Terpikat Taplak Sibori Karya Siswa, 50 Guru Seni Budaya “Mendadak” Ikuti Pelatihan Membatik

0
143

KLIKMU.CO – Antusiasme guru mata pelajaran seni budaya SMA/SMK Surabaya tampak dalam kegiatan Musyawarah Guru Mata Pelajaran (MGMP) Kota Surabaya pada Rabu (27/2). Pasalnya, pertemuan MGMP kali ini tak hanya diisi dengan sharing seputar mata pelajaran seni budaya, melainkan juga lebih fokus pada kegiatan belajar membatik.

Ide itu muncul ketika salah seorang guru seni budaya SMA Muhammadiyah 4 Surabaya (SMAMIV) memublikasikan hasil karya siswa saat ujian praktik kelas XII. Karya yang dipamerkan adalah taplak bermotif batik jumput sibori. Rupanya, motif yang tak biasa ini menarik hati guru-guru seni yang lain dan berujung pada direalisasikannya pelatihan bersama kemarin.

Karena pelatih “insidental”-nya adalah Bu Panca, guru seni budaya SMAMIV, pertemuan MGMP kali ini pun bertempat di perguruan Muhammadiyah Karang Pilang. “Agenda utama pertemuan kali ini ya belajar mbatik dengan Bu Panca, sekalian biar tahu daerah selatan Kota Surabaya,” kata Bambang Sutego, ketua MGMP Seni.

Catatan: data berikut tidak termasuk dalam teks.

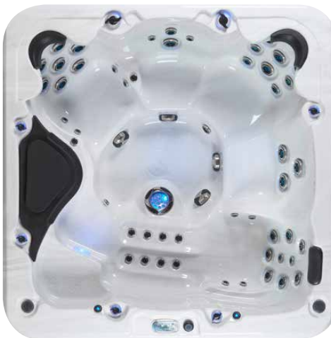
Premium Madrid 60 91 x 91 x 36" Lounge. Seats up to 6.

Pukul 10.00 WIB guru-guru seni budaya Kota Surabaya telah berkumpul. Ada sekitar 50 orang yang hadir untuk mempelajari teori membatik sibori yang memang belum banyak dikenal. Batik sibori adalah batik dari Jepang yang hanya menggunakan warna biru sebagai warna dominan. Membuat motif batik ini sederhana. Hanya dengan cara dilipat-lipat dan diikat-ikat, namun akan menghasilkan karya yang indah.

Setelah pembukaan, pertemuan rutin ini diisi dengan pengantar dari kepala sekolah dan ketua MGMP. Dalam sambutannya, Bambang mengharapkan agar acara tersebut berjalan sukses. “Saya harap guru-guru seni dapat bertambah keterampilannya dan bisa langsung diterapkan ke anak-anak di sekolah,” tutur guru seni SMA Negeri 2 Surabaya yang telah mengontribusikan karya batik tulis berikon “Suroboyo dan semanggi” untuk dijual di pusat-pusat belanja Kota Surabaya itu.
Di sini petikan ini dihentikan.